All statistical models considered in the multivariate approach will be formulated as logistic regression models, with CHD as response, and the symptoms and signs as explanatory variables. In order to describe the discriminatory power of the study-specific models and the meta model we will calculate the area under the receiver characteristic curve (AUC). In addition, we will calculate the values of sensitivity, specificity and likelihood ratios for different thresholds of the clinical prediction rule.

Since the maximum likelihood (ML) estimates of a logistic regression model are not necessarily maximizing the AUC, we will compare the ML results with the alternative approach of Pepe et al. [22]. In this approach the estimates are directly maximizing the AUC. By definition the “clinical chest pain score” based on the AUC-maximizing estimates will have improved diagnostics accuracy characteristics, but the improvement might be so negligible that this more computationally demanding approach is not worthwhile. We will examine both approaches, and the final choice will depend on the magnitude and the practical relevance of the improvement. Furthermore, we will apply internal validation techniques in order to validate the “clinical chest pain score” from the final model of the multivariate meta-analysis.

A secondary objective of the statistical analysis is the external validation of clinical prediction rules (CPR) aimed to support PCPs in diagnosing myocardial ischemia in patients with chest pain. We are aware of several rules developed or validated in a primary care setting and based on items of the medical history and clinical examination. [8, 2326]. These CPRs used different predictor variables and definitions of myocardial ischemia, e.g. any CHD, or myocardial infarction. If a study provides data on the required predictors of one or more CPR, we will calculate measures of overall discrimination (area under the curve) and diagnostic accuracy (sensitivity, specificity, likelihood ratios) for recommended thresholds within the individual data set. We will present the results separately for each study and CPR. If the number of studies providing data on one single CPR is sufficient we will calculate pooled estimates of sensitivity and specificity across studies using the approach recommended by Riley et al. [12].

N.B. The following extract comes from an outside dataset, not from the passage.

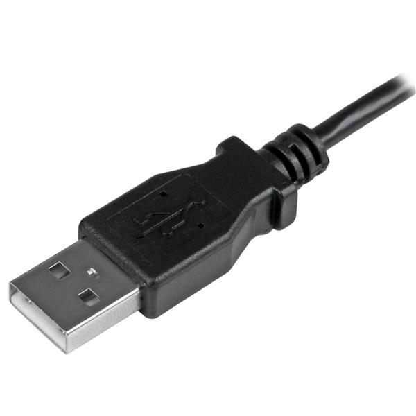 This Micro-USB cable features 24 AWG wire to provide the full power you need to charge your mobile devices faster. The cable features a left-angled Micro-USB connector, so it’s great for charging your mobile devices in a car, or for accessing your mobile device while it’s connected to a car charger or computer.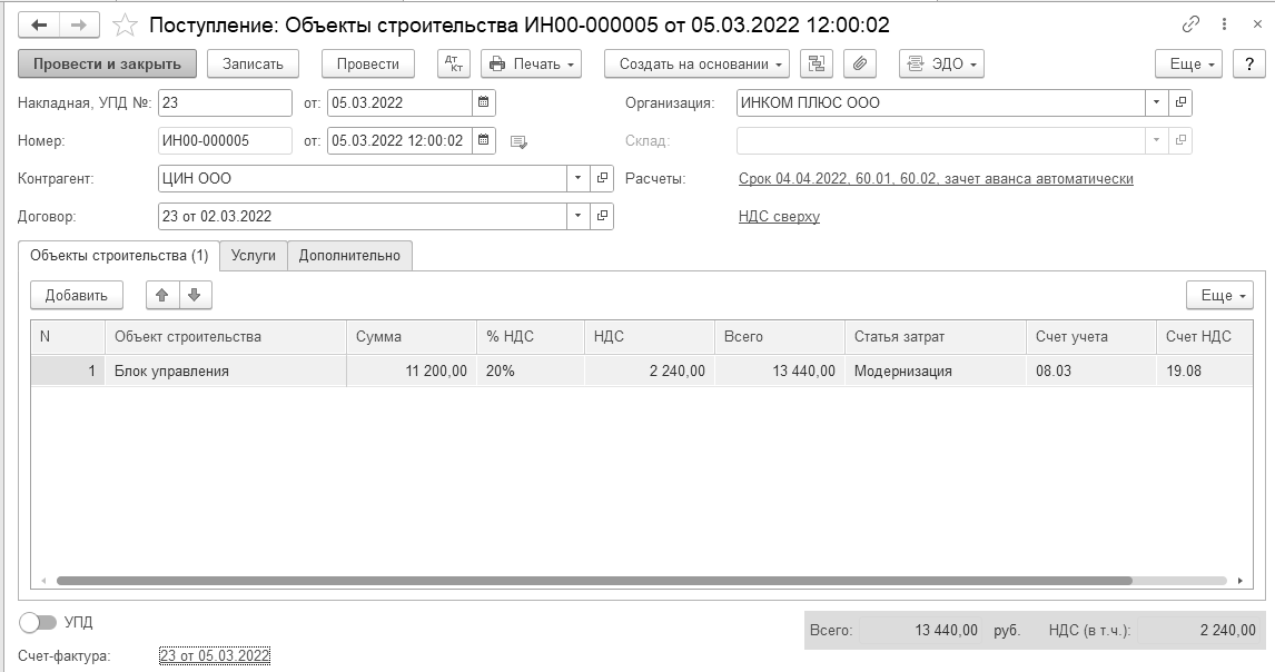 05.03.2022 года ООО "ЦИН" представил накладную № 23 и счет-фактуру № 23 за блок управления. Цена блока управления 11 200 руб. (НДС 20% сверху). Заключен договор № 23 от 02.03.2022 года. Сумма накладной 13 440 руб., в т. ч. НДС.

Studies identified to date

To date, we have identified six relevant studies, including about 4000 patients and conducted in five different countries [2, 8, 23, 2729]. All six studies investigated prospectively the diagnostic accuracy of symptoms and signs for CHD in consecutive series of patients with chest pain in a primary care setting. The number of patients in the studies ranged from 323 to 1249. Each study used a delayed-type reference standard to establish the reference diagnosis. The studies differ in the duration of follow-up and the person who made the reference diagnosis. Study characteristics are summarized in Table 2.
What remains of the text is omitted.